Repsol expects to reach its pre-war Libyan output of 340,000 bpd by summer. It hopes for a rise to up to 380,000 bpd in coming years, Nemesio Fernadez-Cuesta, upstream director, said.

"A lot of Libyan people know they need the international oil companies for financing, added technology, and we don't foresee any major problems," he told Reuters. "This process (regime change) can generate some difficulties, but we think we will be able to deal with them."

Unlike in Iraq, the scale of the damage in Libya was limited, although oil officials have cited the need for maintenance and upgrades after fields were hastily shut down. That means potential business for the numerous European and Middle Eastern engineers, consultants and others at the exhibition.

"We hope to re-establish a lot of contacts with Libyan clients, existing and new," Erik Huber, of Dutch engineering and environmental consultancy Royal Haskoning, said. "We trust that there will be a lot of investment in the Libyan oil industry."

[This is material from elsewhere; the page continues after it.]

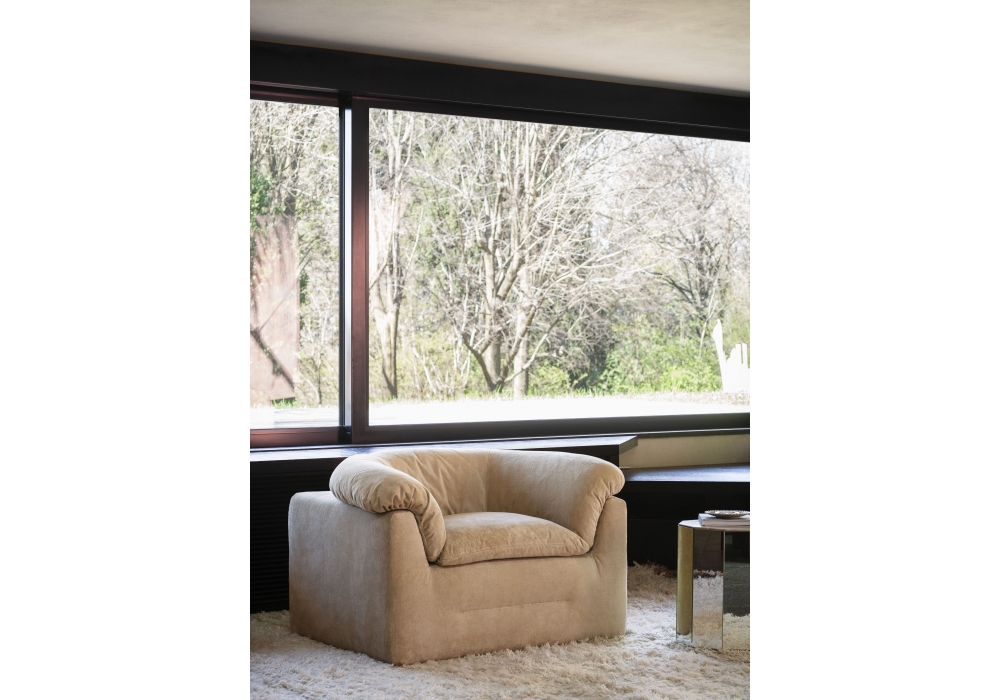 Butter, diseñada por Faye Toogood para Tacchini, es un sillón que combina estética contemporánea y confort informal en perfecto equilibrio. Fabricado con estructura interna de madera y relleno de espuma de poliuretano multidensidad, garantiza resistencia, soporte y durabilidad en el tiempo. El tapizado, disponible en tela o piel, resalta sus formas suaves y acogedoras. Diseñado para adaptarse naturalmente a los movimientos del cuerpo sin imponer una postura rígida, cuenta con un asiento amplio y un respaldo envolvente que invitan al relax.

But behind the public statements of optimism, worries are evident. Protesters in Benghazi closed off the office of NOC subsidiary the Arabian Gulf Oil Co on Monday and Tuesday, and their demands included the ouster of Gaddafi-era officials.

"The problem is that some people want a clean cut from before (the Gaddafi-era), but some are needed for their expertise. Getting through change is key," a European oil executive said. "We just have to be patient for now."

Security also remains one of the biggest concerns of foreign companies returning to Libya. The numbers of expatriate workers still have yet to return to pre-war levels.

Officials speak of plans to train thousands of former rebel fighters under an umbrella oil installation guard. Groups of fighters have stood guard in the absence of an effective army.

"One of my biggest concerns is that fighting, such as tribal clashes, can easily start," a Libyan worker at a European oil and gas company said. "The situation is still unstable."